Solving supertype-subtype relationship without sacrificing data consistency in a relational database

consistencydatabase-designsubtypes

Trying to get better at designing databases, I noticed I'm always stuck trying to solve variations of the exact same problem.

Here is an example using common requirements:

  1. An online store sells different categories of product.
  2. The system must be able to retrieve the list of all product categories, say food and furniture.
  3. A customer may order any product and retrieve his order history.
  4. System must store specific properties depending on the product category ; say the expiration_date and calories for any food product and manufacture_date for any furniture product.

If it wasn't for requirement 4, the model could be quite straightforward:

enter image description here

Problem is trying to solve requirement 4. I thought of something like this:

enter image description here

In this approach, the relationships product-furniture and product-food are supertype-subtype (or superclass-subclass) associations; the primary key of the subtype is also a foreign key to the supertype primary key.

However, this approach can not guarantee the category referenced via a foreign key to the product will be consistent with its actual subtype. For instance, nothing stops me from setting food category to a product tuple having a subtype row in the Furniture table.

I read various articles about inheritance in modelling relational databases, especially this one and this one which were very helpful but didn't solve my problem for the reason mentioned above. But whatever model I come with, I'm never satisfied with the data consistency.

How can I solve requirement 4 without sacrificing data consistency ? Am I going all wrong here ? If so, what would be the best way to solve this problem based on these requirements ?

Best Answer

One common way is to add a classifier that is "inherited" like:

CREATE TABLE products
( product_id ... NOT NULL PRIMARY KEY
, ...
, product_type ... NOT NULL 
,     UNIQUE (product_id, products_type)
,     CHECK (product_type IN ('food', 'furniture'))
);

product_type would typically be a code of some kind. Might be a foreign key to a "lookup" table instead of a check constraint.

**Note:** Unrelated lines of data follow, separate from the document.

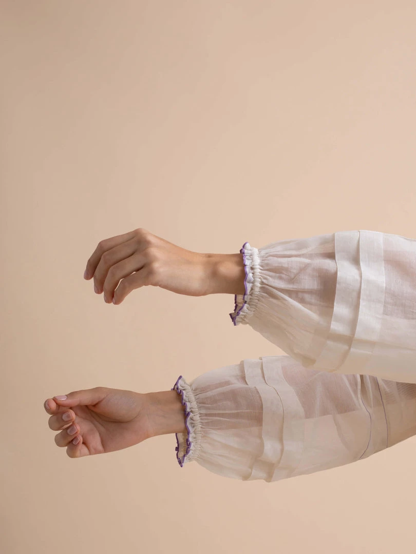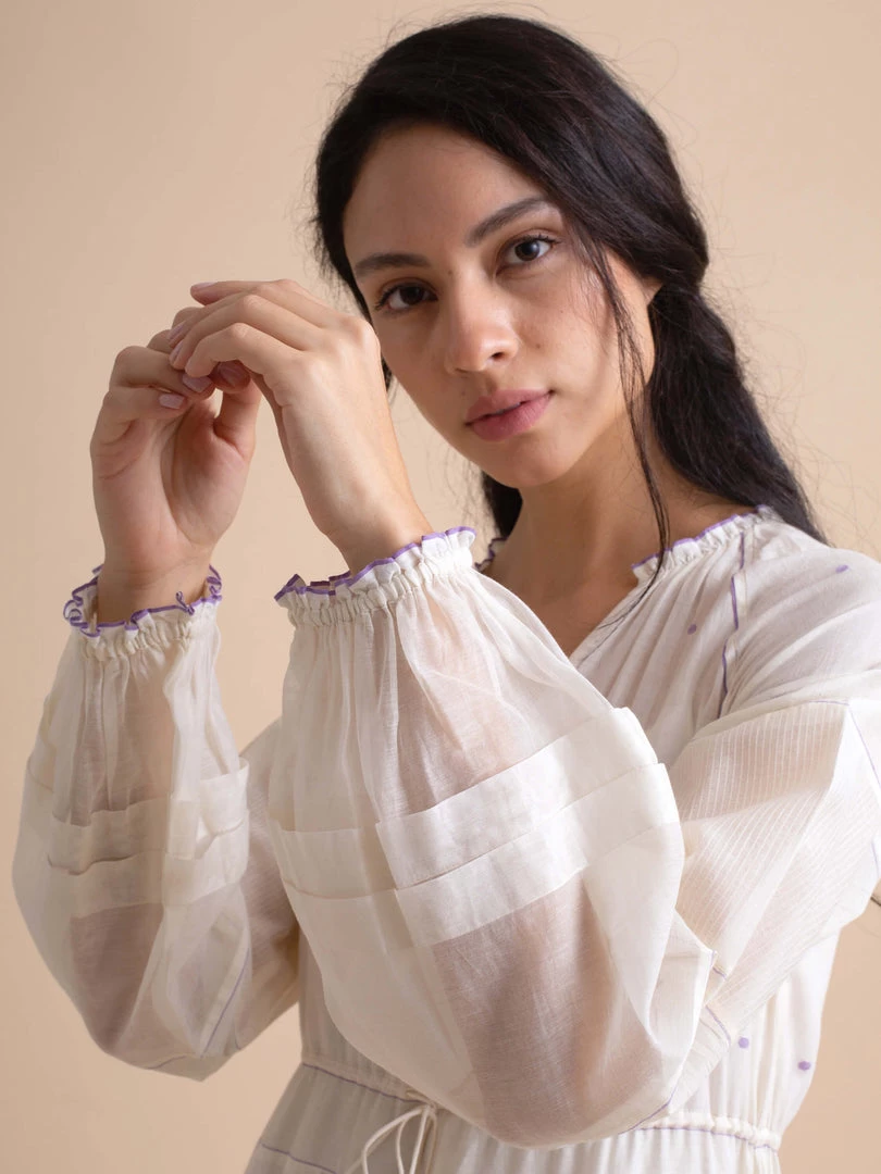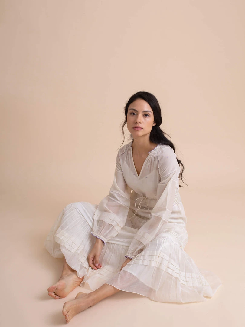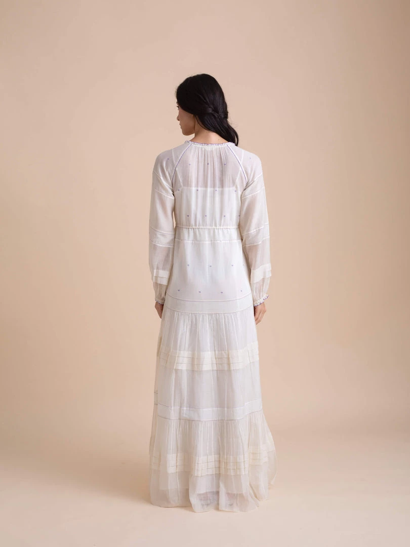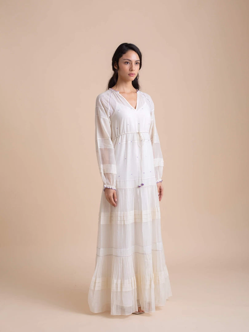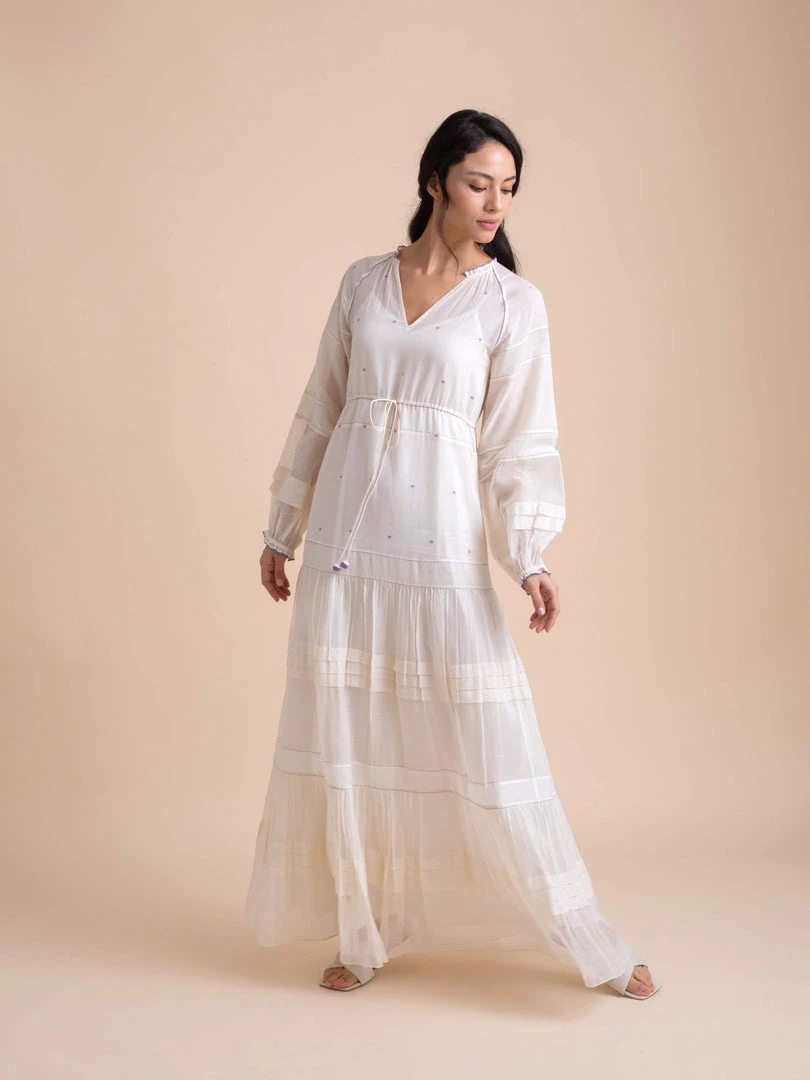 Pieced and patched together from different weights of handwoven cotton silks, this light and breezy maxi is a potpourri of happy dreams! This cream midi dress with full sleeves, tie up waist and full, tiered skirt.
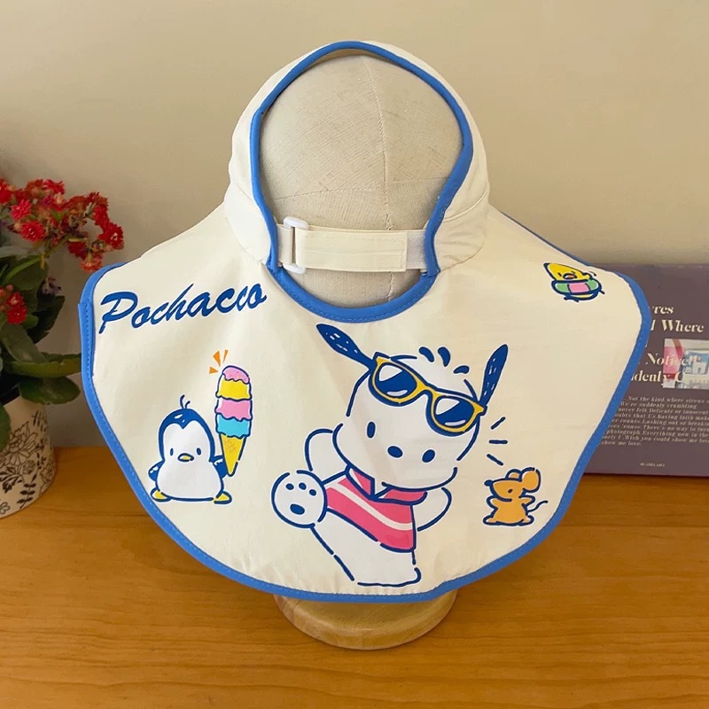 Sanrio Kuromi 소녀 태양 모자 목도리 모자 어린이 모자 큰 챙 아기 여름 태양 보호 어부 모자
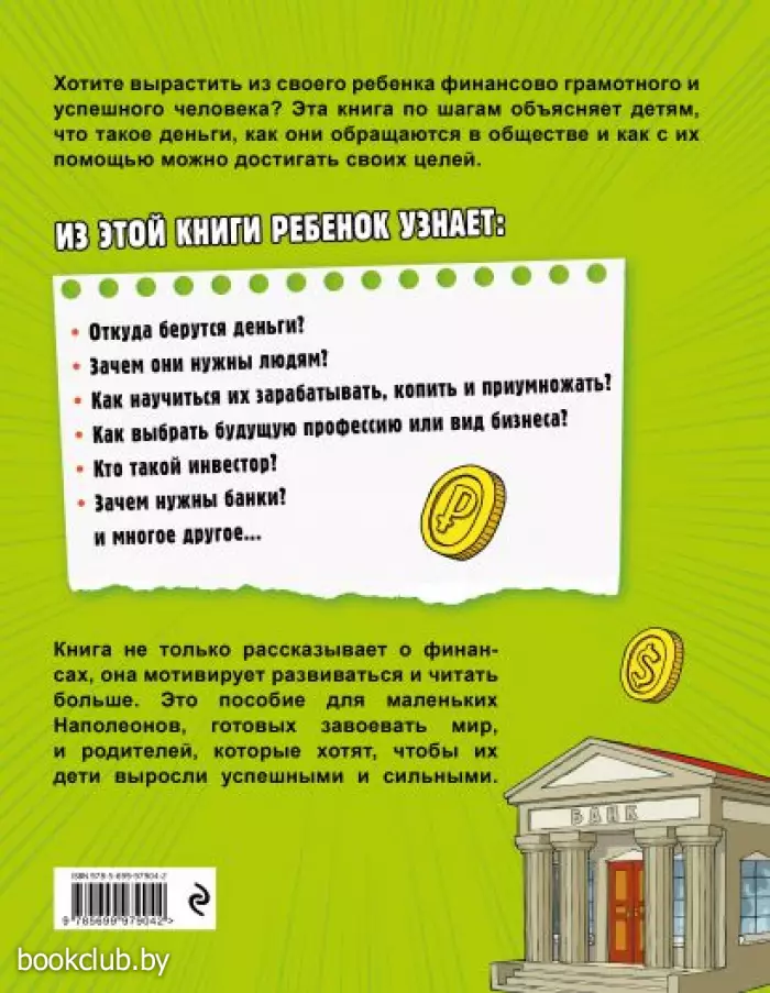 В книге простым языком рассказывается история возникновения денег, о торговле в древности, что такое банк и каково его устройство, а также, какие преимущества дают деньги и почему их стоит копить. Эта книга способна воодушевить ребенка, заинтересовать его в учебе и чтении. Ощутимо помочь в воспитании целеустремленного и успешного человека.
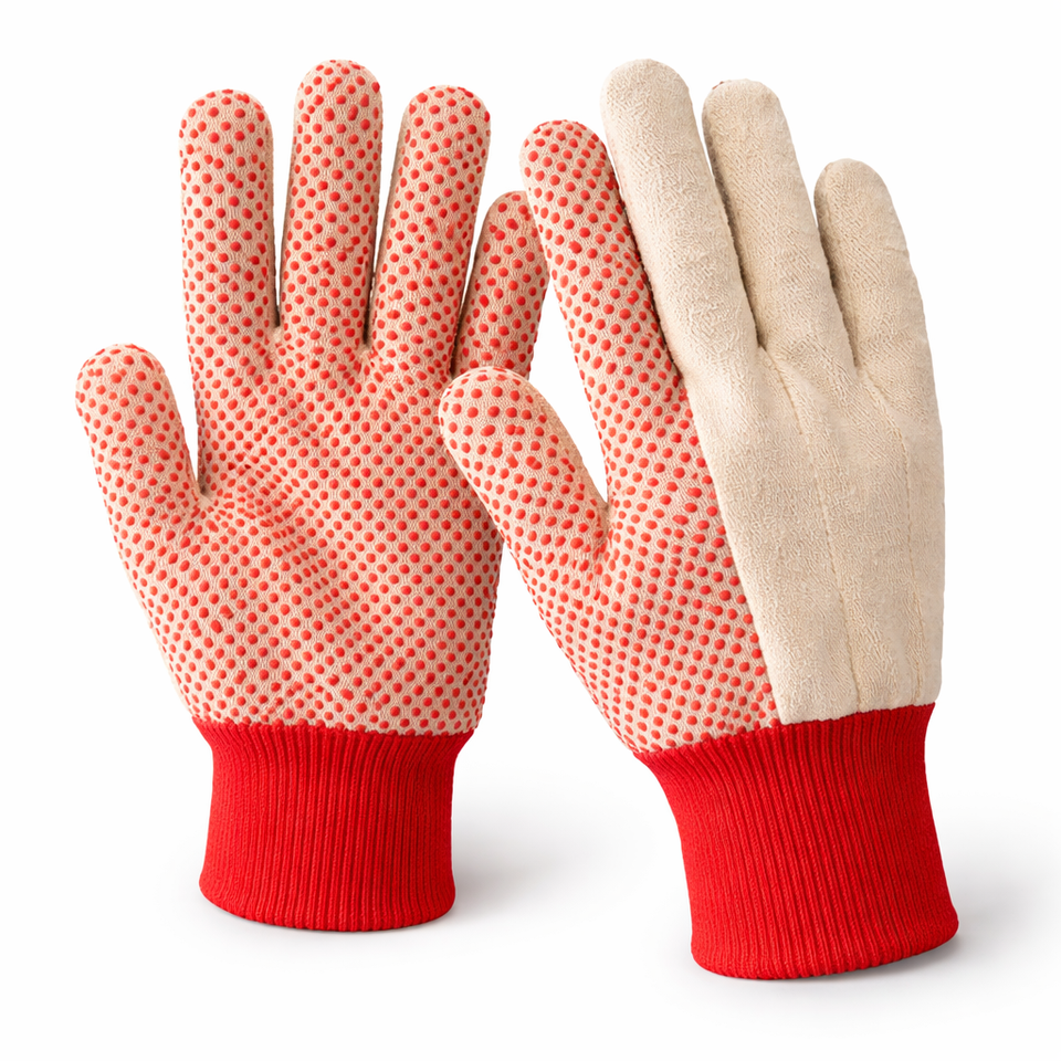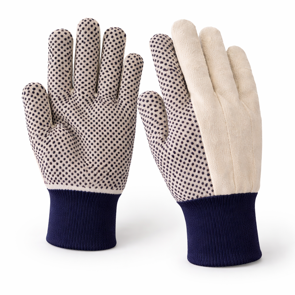 ถุงมือผ้าแคนวาสเย็บ 2-3 ชั้น เคลือบ PVC ลายจุด (สีดำ) ผลิตจากผ้าฝ้ายเวียดนาม ไม่ผสมซิลิโคน ไม่ผสมแป้ง น้ำหนัก 80 กรัม ยึดเกาะสูง
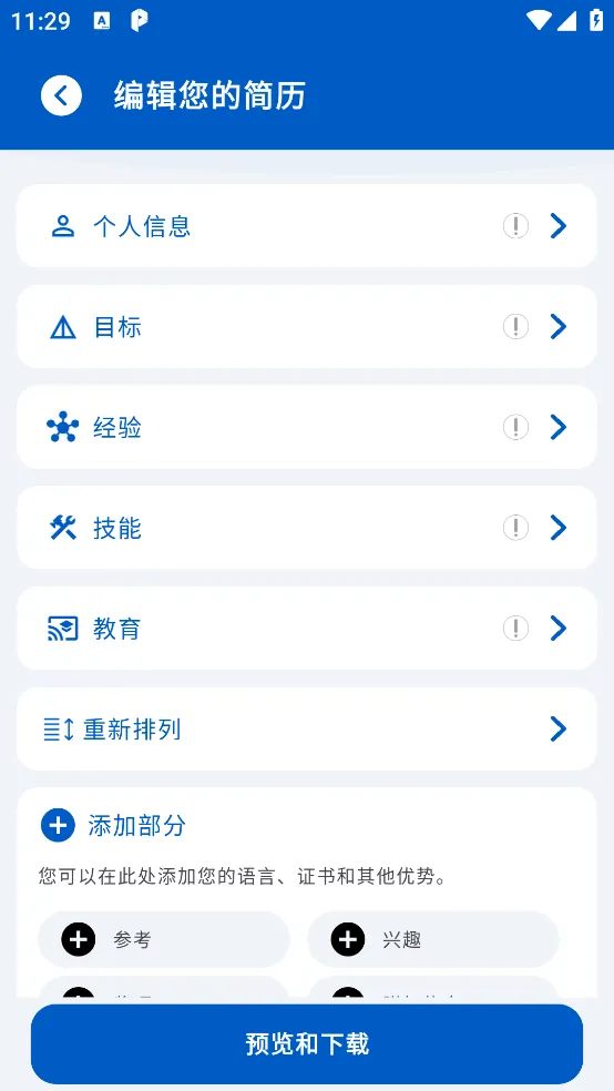 操作起来也简单,选择好模板后,系统会清晰标注需要填写的内容模块,跟着提示逐一补充信息就行。填写完成后,软件会自动适配模板排版生成简历,支持实时预览和一键下载,再也不用对着本地文档反复调试格式、排版,节省大量时间精力。
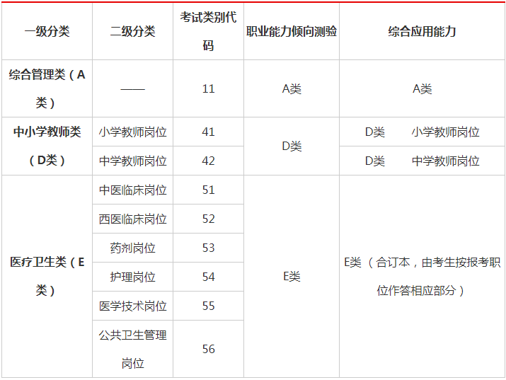 綜合管理類、中小學(xué)教師類、醫(yī)療衛(wèi)生類《職業(yè)能力傾向測驗(yàn)》和《綜合應(yīng)用能力》滿分均為150分,筆試總分300分。衛(wèi)生類綜合應(yīng)用能力為合訂本,由考生按報(bào)考職位作答相應(yīng)部分。

For the sub-types:

CREATE TABLE food
( product_id ... NOT NULL PRIMARY KEY
, ...
, product_type ... DEFAULT 'food' NOT NULL
,    FOREIGN KEY (product_id, product_type)
     REFERENCES products (product_id, product_type)
,    CHECK (product_type = 'food')
);

and a similar one for furniture. The constraints guarantee that product_type is consistent between super- an sub- tables.

There are products (I've heard) that allow sub-selects in CHECK constraints, but the majority do not. For such product something like:

CREATE TABLE food
( product_id ... NOT NULL PRIMARY KEY
, ...
,    FOREIGN KEY (product_id)
     REFERENCES products (product_id)
,    CHECK (
         (SELECT product_type 
          FROM products p 
          WHERE p.product_id = product_id) = 'food'
     )
);

could be used.

An alternative to the latter is to use before triggers for insert/update, and signal an exception if the wrong product_type is used. Personally I don't fancy using procedural code for integrity constraints, but I guess it is a matter of taste.